She paused, with a lightning review of such a lie and its efficacy.

“Yes,” she said in a low voice, her shamed eyes dropping from his. “I think—it is—a touch of fever.” Then in a tone which did not realise its own despair, “I cannot rouse him!”

He stepped back with a long breath, and turned his face from her for a minute, as if listening to something afar off. She heard his chest rise and fall with an extra sense that was not hearing, and realised that he understood. All the sting and shame that had gone before seemed to be nothing in comparison to that moment. He knew, and he was a hard man who gave no second chances. Alaric Lewin was a failure to his judgment; not because he had got drunk on a hot night, which was nothing, but because he was useless in an emergency. The cause was little to a mind like Gregory’s, but the weakness that might fail him again was unforgivable. He had the reputation of sweeping such men from his path as useless, without enmity, but without pity. The hopelessness of it all!

Suddenly she heard him speaking, and the whispering voice had a new kindness; he spoke gently, as if to some small frail thing that must not be hurt.

“Never mind—don’t try and wake him. I’ll go myself. Don’t worry. Go to bed and rest. It will be all right.”

He laid a large hand on her shoulder, as if to impress the words; she hardly noticed the action, but felt a dull surprise when he as quickly drew it back. The man was nothing to her, but a sudden glow of comfort sprang up in her heart at his last sentence. If he said it would be all right, he meant his own coadjutancy to make it so. She felt the power of his will, but not of his manhood, and her face was broken into softness as she turned it to him in farewell, and opened the door for his hasty departure.

“Good-night,” he repeated. “Don’t worry; go to bed yourself, and be quite easy. I am so sorry to have roused you.” There was a touch of mastery in his voice, as if he had taken possession of the situation to heal her physical and mental weariness. She rested on it unconsciously, with the woman’s craving for the strong man who shall not fail her. And Ally, alas, had failed!

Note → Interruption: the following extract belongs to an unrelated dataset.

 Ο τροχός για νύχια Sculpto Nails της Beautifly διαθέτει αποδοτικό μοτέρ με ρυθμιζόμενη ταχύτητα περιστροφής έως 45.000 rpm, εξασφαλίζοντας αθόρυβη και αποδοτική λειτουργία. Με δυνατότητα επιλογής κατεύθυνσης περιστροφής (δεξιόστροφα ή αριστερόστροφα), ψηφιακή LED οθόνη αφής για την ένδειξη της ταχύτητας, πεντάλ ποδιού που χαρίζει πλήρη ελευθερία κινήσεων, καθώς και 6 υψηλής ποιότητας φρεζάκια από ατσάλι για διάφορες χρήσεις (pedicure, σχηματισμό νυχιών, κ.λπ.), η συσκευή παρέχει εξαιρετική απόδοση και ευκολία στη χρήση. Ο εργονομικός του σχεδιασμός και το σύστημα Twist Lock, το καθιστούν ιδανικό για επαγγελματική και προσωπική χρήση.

As Gregory swung back along the stoep he looked down, consciously this time, at the sleeping Arabs, and there was interest and a secret sympathy in his heart. For the touch of the Eternal Feminine was on him, and he remembered that to love a woman was a goodly thing. His footsteps died away into the darkness of the garden, to the gate where he had tied his pony, and then after a pause came the sound of galloping hoofs as he rode off on his own errand. Mrs. Lewin heard it as she stood at the open shutters of her own window, for she had mechanically gone back to her room, and leaned there conscious of nothing but a horrible reaction from the tensity of the past few minutes. With a primeval instinct she turned from the shelter which civilisation has raised over men’s heads to the healing of the outside world, for she had a restless craving to get away from the confinement of the house and the ugly thing of which she knew in the next room.

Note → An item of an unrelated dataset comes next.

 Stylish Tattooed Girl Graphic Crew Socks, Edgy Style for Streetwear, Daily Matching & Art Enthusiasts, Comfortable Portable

The night was quick with fireflies, and the air was soft and warm to touch. Some winged thing sailed lazily by and made her start by the whirr of its heavy body close to her hair—a giant moth it seemed, with a barrel-like body and wings like a dragon-fly’s. Down below on the stoep the Arabs lay asleep.... She pressed her hands over her wakeful eyes and tried not to sob, schooling herself because she was a woman—not a child who cries away the bitterness over a broken toy. This was more serious than a toy, and yet it seemed just like an old unreasonable nursery grief, that fretted for a thing it had endowed with spurious life.

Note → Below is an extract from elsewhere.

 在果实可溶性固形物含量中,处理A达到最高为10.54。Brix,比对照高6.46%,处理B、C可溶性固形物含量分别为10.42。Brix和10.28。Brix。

She must begin and love all over again. There was no stronger nature above her to look up to and lean on in fancy, even though she guided by her brighter wits and keener vitality. She had cheated herself happily in thinking that Ally was really the moving spirit in their married life, and that he had a reserve of strength upon which she could lean in an emergency. He was nothing but a weak man, who must be shielded before the world, and watched and helped with tenderest care, but never more looked up to at quite the same height. No one should know or guess that he had so fallen; she would not even have to make excuses for him, she would manage so cleverly, for that was her new phase of wifehood. Even as the thought crossed her mind she turned her head nervously and listened, fancying that the servants were awake and coming to ask who her late visitor had been. If she could only keep it from them till the morning, things would look more natural. Captain Lewin had slept in the dressing-room not to awaken her—he had thrown the mattress on the floor and lay there in hope of greater coolness. There was more draught on the floor—at least she could make it appear so. She went over the details in feverish haste, shielding and managing already with a woman’s tragic skill. But that it should have to be so!